The simplest strategy for electrochemical-based monitoring of hormones is their direct electrochemical signal at the electrode surface at a specific potential. In this approach, the hormone of interest is directly oxidized or reduced at the electrode surface producing an electroactive product, which can be electrochemically measured, whose concentration is proportional to the target hormone. However, direct oxidation usually occurs at a high overpotential, which can lead to electroactive interference from other species present in the biological matrix. With regard to this, nanomaterials have been successfully utilized for electrode surface modification with the result of higher selectivity. However, to better address this issue, indirect detection methods have been realized based on the use of specific biorecognition elements coupled to the electrode surface, allowing for sensitive and selective detection of the target hormone.

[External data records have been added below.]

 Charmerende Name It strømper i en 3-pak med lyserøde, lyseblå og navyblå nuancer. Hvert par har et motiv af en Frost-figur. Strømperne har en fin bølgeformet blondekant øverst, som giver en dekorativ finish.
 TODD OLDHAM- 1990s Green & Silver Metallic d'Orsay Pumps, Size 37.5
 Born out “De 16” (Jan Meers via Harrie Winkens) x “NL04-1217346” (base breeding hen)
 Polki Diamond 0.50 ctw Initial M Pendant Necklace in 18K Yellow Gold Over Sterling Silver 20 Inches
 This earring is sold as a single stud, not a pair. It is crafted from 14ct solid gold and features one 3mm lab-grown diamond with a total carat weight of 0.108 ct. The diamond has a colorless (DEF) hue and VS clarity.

The electrochemical nanoparticle-based biosensors described in this review, namely immunosensors, aptasensors, and MIP-based biosensors, depending on which biorecognition element is used, i.e. antibodies, aptamers, or MIPs, respectively, may involve direct, competitive, or sandwich configurations and label-free or label-based approaches. Less frequently enzymes are employed, corresponding to the so-called enzymatic biosensors.

In the following, various recent electrochemical detection strategies used for measuring selected hormones in several sample matrices are presented, and are schematized in Fig. 4.

Fig. 4 General principle of nanoparticle-based electrochemical biosensors for detecting hormones from biological fluids.

2.1 Detection of cortisol

Cortisol is not an electroactive molecule and lacks a specific enzyme catalysing its redox reaction. Consequently, most cortisol biosensors are affinity biosensors based on bioreceptors, such as antibodies (immunosensors), aptamers (aptasensors) and MIPs.

Regular sampling and analysis of cortisol concentrations during the day is fundamental for studying the metabolic behaviour of a hormone that naturally has a peak of concentration in the morning and slowly decreases with time to reach a minimum around midnight.

Table 2 summarizes the characteristics and performances of nanoparticle-based electrochemical biosensors for cortisol in the literature.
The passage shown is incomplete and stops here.